# Possible Realistic Trade Scenarios for a PG?



## Pioneer10 (Sep 30, 2004)

Any thoughts out there?

I was thinking if Seattle doesn't do well they might be interested in a salary dump i.e.:

AV/Newble/Sasha for Ridnour/Collison. 

That's a good amount of money coming off the books for the Sonics


----------



## futuristxen (Jun 26, 2003)

Zydrunas/Damon Jones to the Warriors for Adonal Foyle/Monte Ellis.

Sasha Pavlovic/Scott Pollard to the Celtics for Sebastian Telfair.

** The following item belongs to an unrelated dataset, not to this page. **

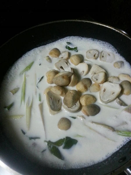 พอกลิ่มสมุนไพรเราเริ่มหอมก็ใส่เห็ดฟางตามลงไปครับ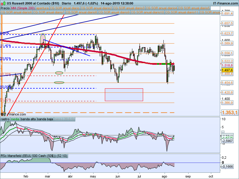 Nos mantenemos por debajo de la media de 200 y por tanto mantenemos la predisposición bajista, por debajo de los mínimos de agosto deberíamos pensar en 1387 SOR.

Drew Gooden to the Suns for Boris Diaw, start Hughes, Lebron, Diaw.


----------



## AUNDRE (Jul 11, 2005)

no way the Sonics are ever trading Ridnour


----------



## futuristxen (Jun 26, 2003)

Don't the Sonics still have Earl Watson? What about getting him for like...Sasha Pavlovic or Ira Newble?


----------



## bruindre (Jul 18, 2004)

futuristxen said:


> Zydrunas/Damon Jones to the Warriors for Adonal Foyle/Monte Ellis.

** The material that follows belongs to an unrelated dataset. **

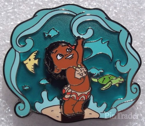 | This third pin in the bi-monthly Under the Sea series showcases Moana as a toddler, she is holding a sea shell and reaching up to touch the ocean waves. Moana is a pin on pin element. The water from the sea is translucent blue and showcases a few marine animals including a manta ray, turtles and several fish. |

Are you hurtin' _that_ badly for a PG? You'll give us Z and take Foyle with Ellis? Ellis isn't even proven as a true PG yet.


----------



## Diable (Apr 26, 2005)

Only decent point guard that might be available is Duhon and that only because he hasn't played great ball at times.I doubt the Bulls would want to help out Cleveland.Probably they should think about a combo guard with reasonable point guard skills and then run the offense through Lebron once they are in half court.


----------



## Diable (Apr 26, 2005)

bruindre said:


> Are you hurtin' _that_ badly for a PG? You'll give us Z and take Foyle with Ellis? Ellis isn't even proven as a true PG yet.


The way Z looked against Charlotte saturday I wouldn't want him at all unless his contract is a lot smaller than I think it is.


----------



## bruindre (Jul 18, 2004)

Diable said:


> The way Z looked against Charlotte saturday I wouldn't want him at all unless his contract is a lot smaller than I think it is.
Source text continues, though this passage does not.